Ricardo Miró Denis was born on November 5, 1883 in Panama City, at that time the capital of the Sovereign State of Panama, a federal state of the United States of Colombia. He was the son of Ricardo Miró Tuñón and Mercedes Denis de Miró. He is also the grandson on his father's side of Gregorio Miró Arosemena, one of the presidents of the Sovereign State of Panama. He was also the nephew on his mother's side of the poet Amelia Denis de Icaza.

From a very young age he was orphaned by his father. At the age of fifteen he traveled to Bogotá, upon being expelled from his hometown to do his studies, however he returned to Panama due to the War of a Thousand Days in 1899. He published his first verses in the magazine El Heraldo del Istmo. , where he worked for 10 years. In 1906 he married Doña Isabel Grimaldo, the following year, he founded and directed the magazine Nuevos Ritos. He then traveled to Spain and between 1908 and 1911 he held the position of consul in Barcelona. In 1909 he published his poem Homeland , where he highlights the nostalgia he feels when he is far from his homeland.

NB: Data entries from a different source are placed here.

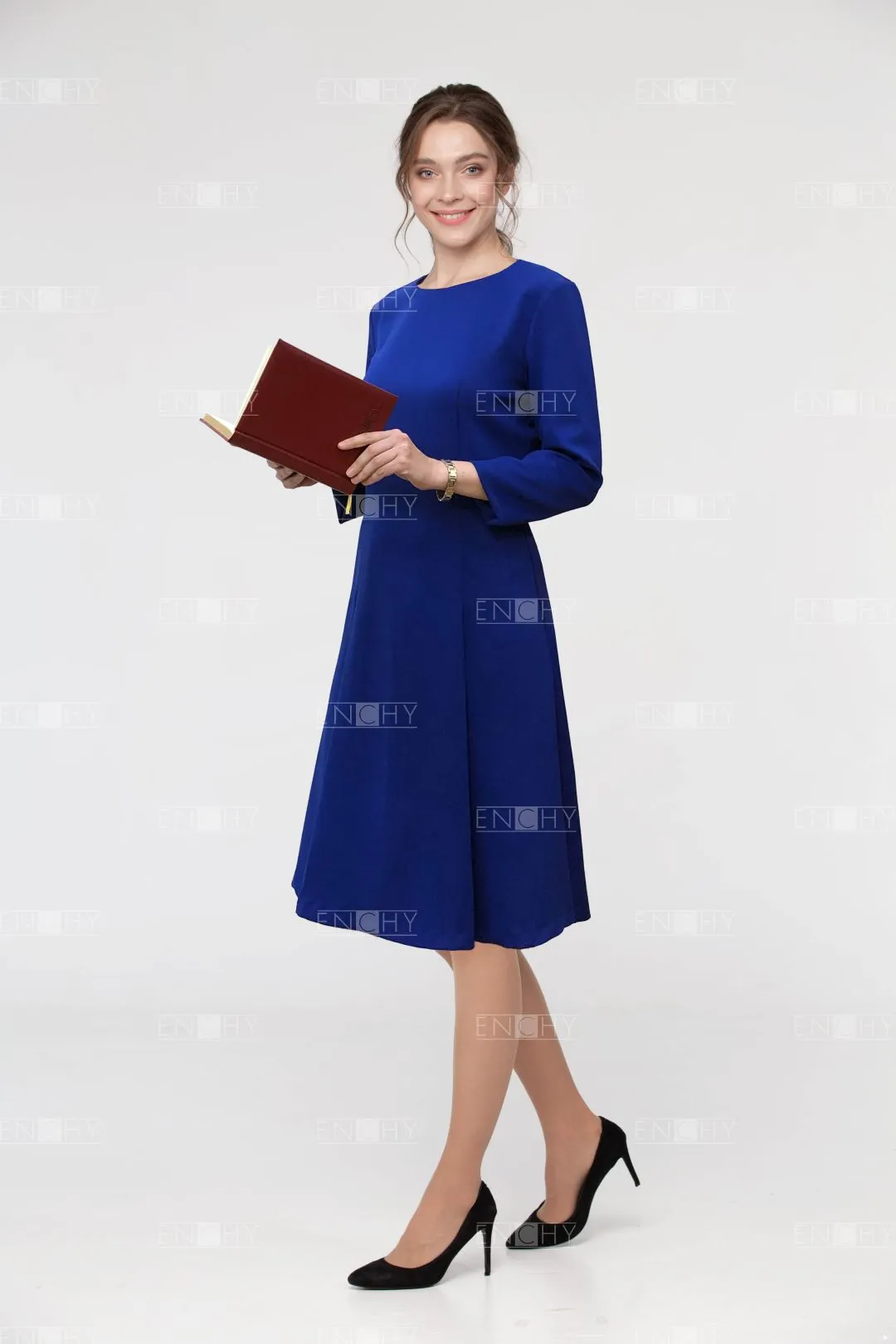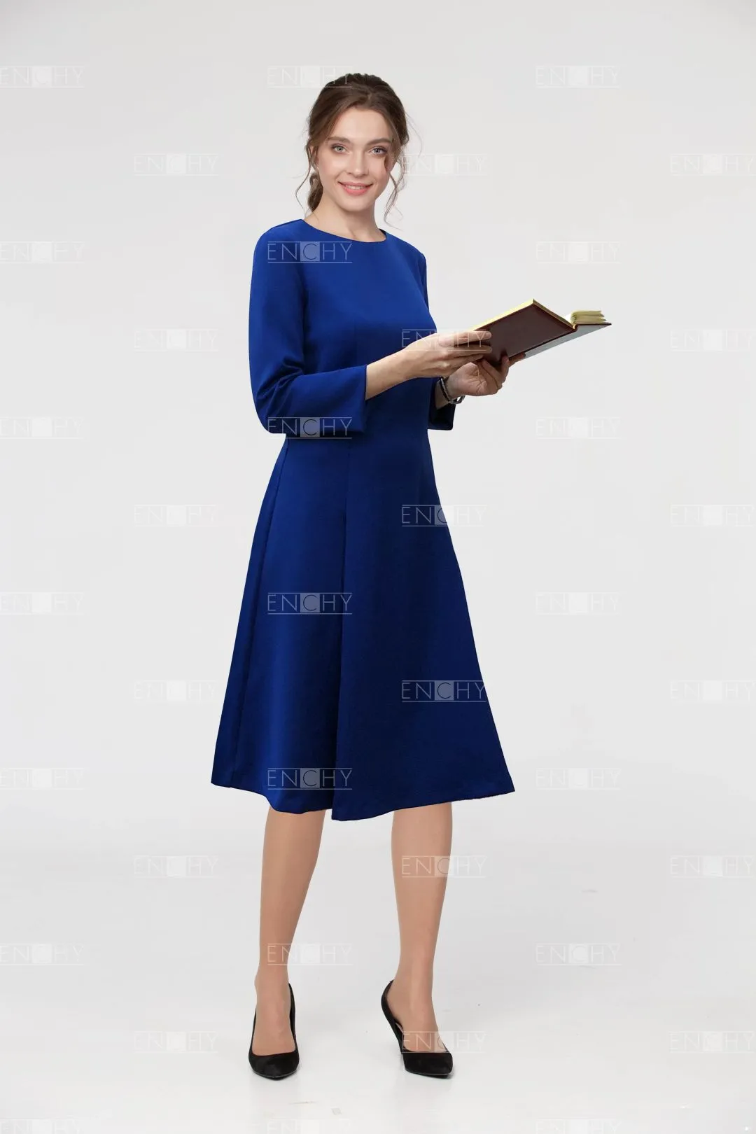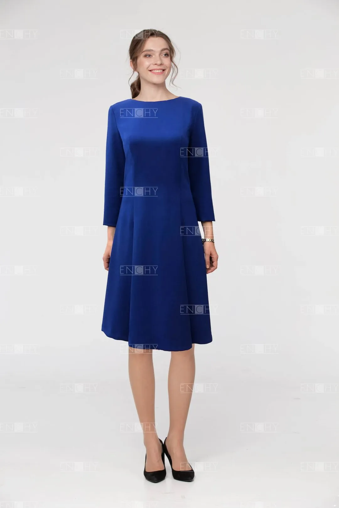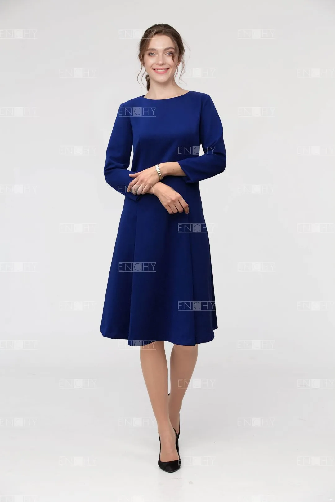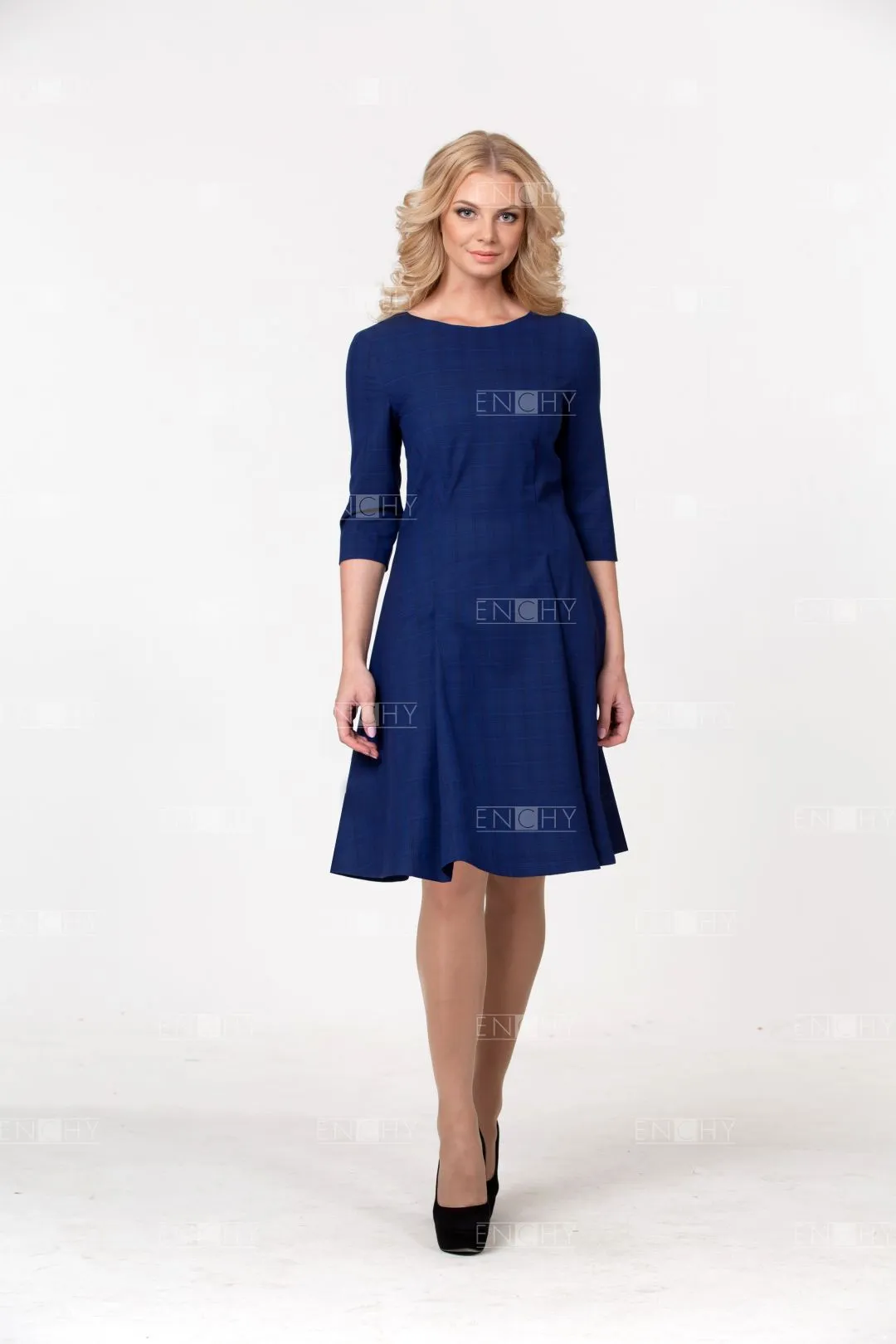 Приталенное платье с застроченными до линии бедра складками. Эта женственная модель с рукавом 3/4 подойдет любой фигуре.
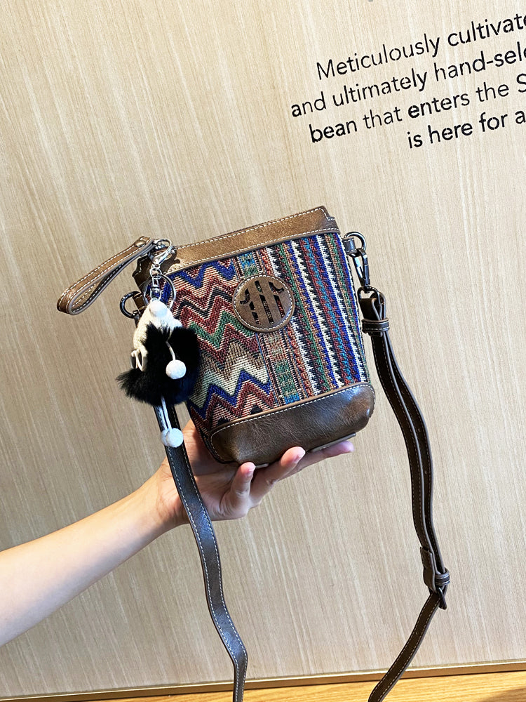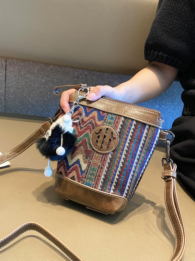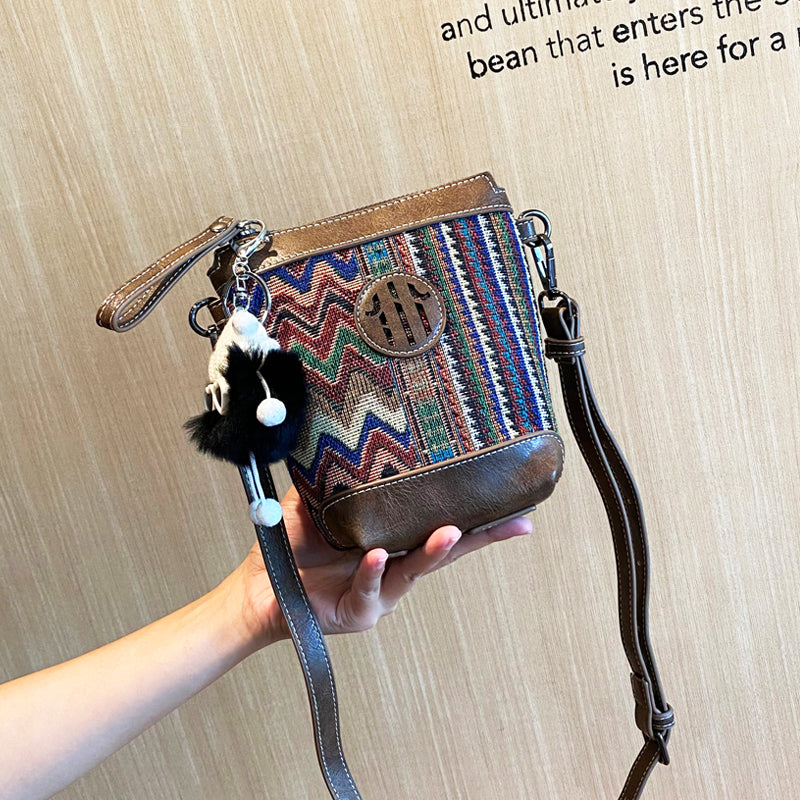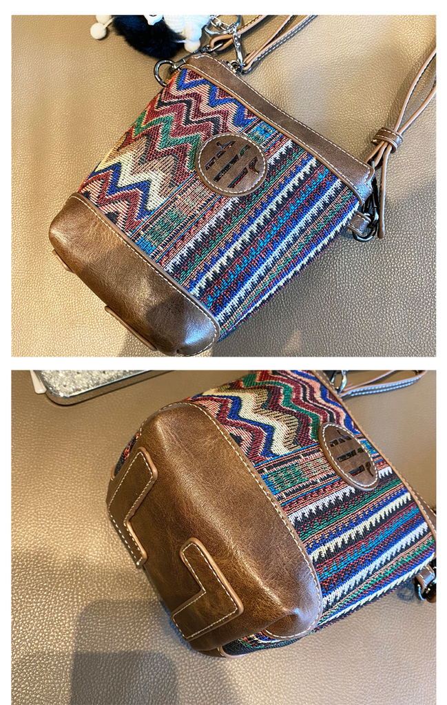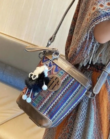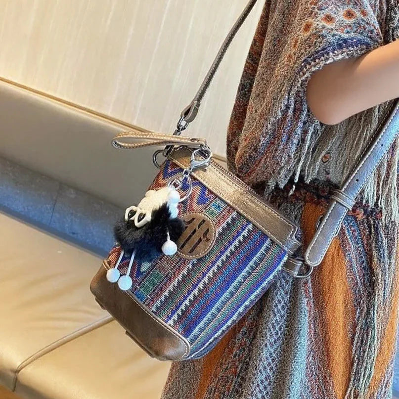 Design: Embroidery Canvas Small Boho Crossbody Bag Boho Canvas Small Bucket Shoulder Bag
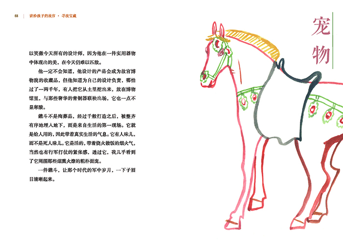 《讲给孩子的故宫:寻找宝藏》选取祝勇《故宫的古物之美》中与故宫里的珍稀古物相关、青少年读者感兴趣的10个主题(青铜器、酒器、动物、祭祀、军事、宠物、祭祀、艺术、家具、生活、服饰),每个主题下设置3个与国家宝藏有关、青少年熟悉且有趣的小问题。(如:“青铜器是青色的吗?”“《木兰诗》中‘朔气传金柝’的‘金柝’是什么?”“唐三彩中的马是胖的还是瘦的比较受欢迎?”) 作品以优美、凝练、专业的散文化语言,为青少年读者讲述一件件国家宝藏的前世今生,连缀起一部故宫里的艺术史,再现中华文明的营造之美。从而引领青少年更清晰地了解历史,掌握文博知识,更深入地体会博大精深的华夏文明
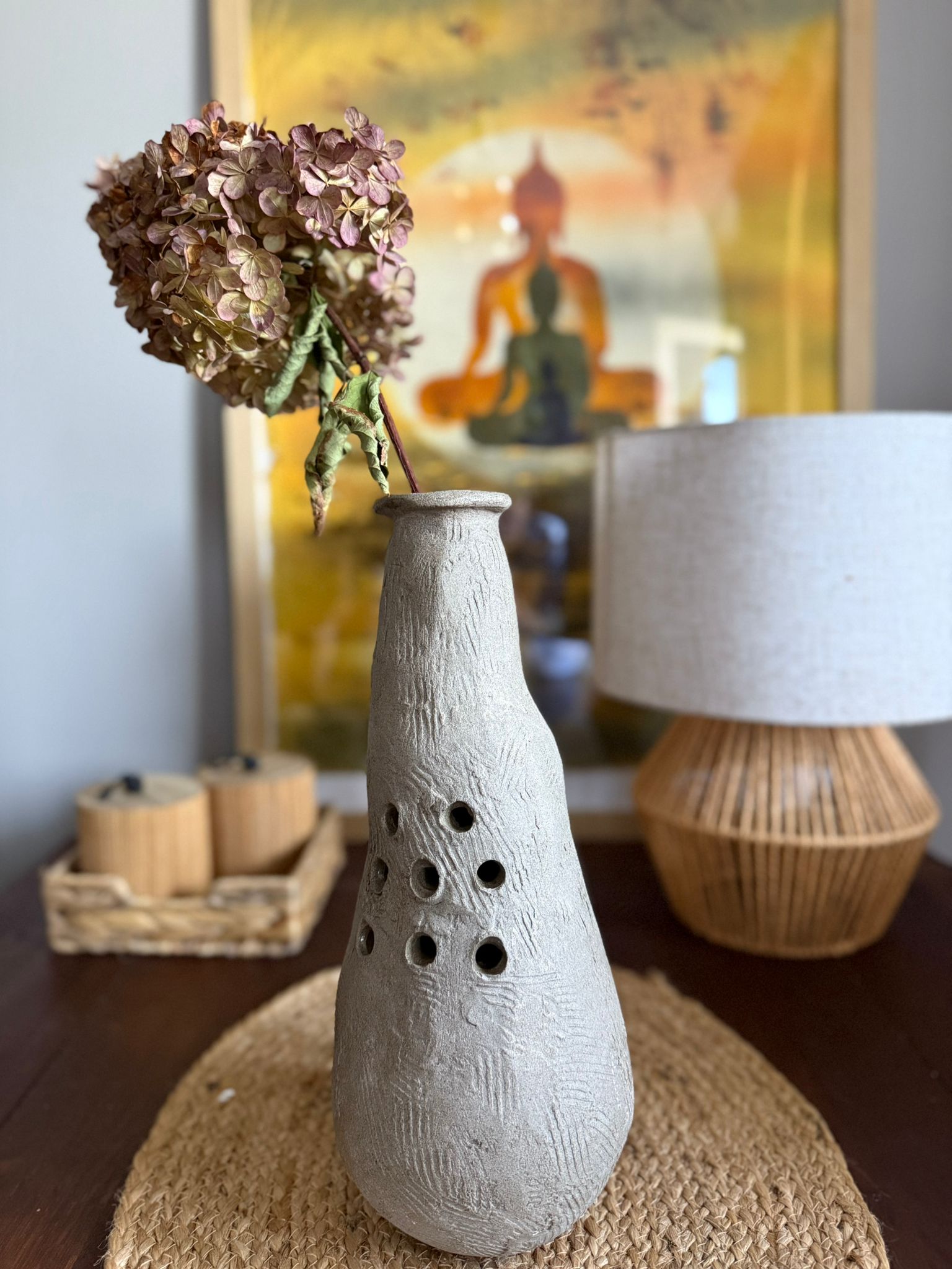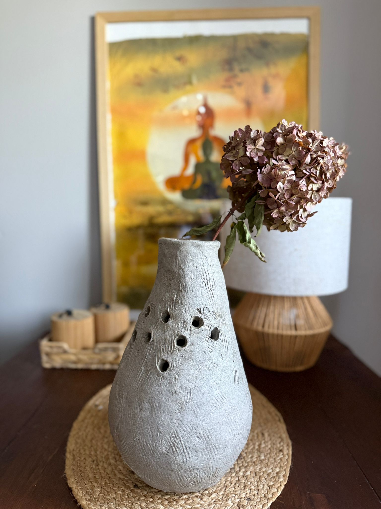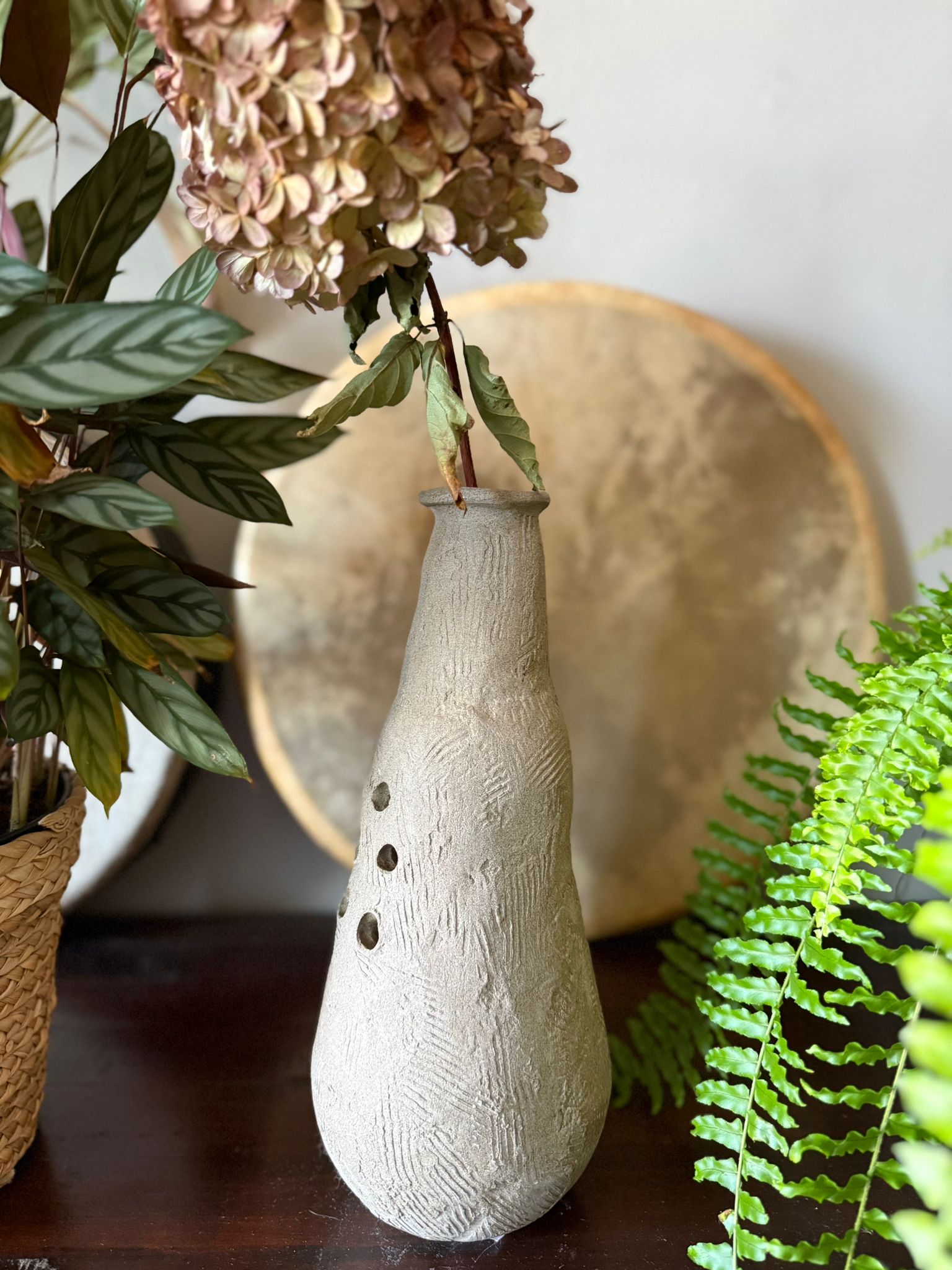 Nowoczesny i minimalistyczny wazon wykonany z szarej, betonowej gliny. Jego zewnętrzna powierzchnia pozostaje surowa i strukturalna, co podkreśla naturalne piękno materiału. Wnętrze zostało pokryte transparentnym szkliwem, dzięki czemu wazon jest nie tylko dekoracyjny, ale też w pełni funkcjonalny.

Due to the fame of his works, poetry and story contests were held to commemorate Ricardo Miró Denis. Currently in Panama they continue to remember his work and effort that led him to be very famous.

Works

  • Preludes (1908).
  • On high night (1910)
  • Second preludes (1916).
  • The legend of the Pacific (1919).
  • Flower of Mary (1922).
  • Patriotic Verses and School Rectations (1925).
  • Silent roads (1929).
  • The poem of reincarnation (1929).

He also wrote poems such as:

  • The last seagull (1905).
  • Homeland (1909).
  • A Portobelo (1918).
  • Your eyes
  • Loneliness sick
  • First night

He also wrote stories that he never published in book form, but that appeared in local newspapers and magazines.

For his work as a poet, the Ricardo Miró Prize has been posthumously commemorated, which values exponents of Panamanian literature.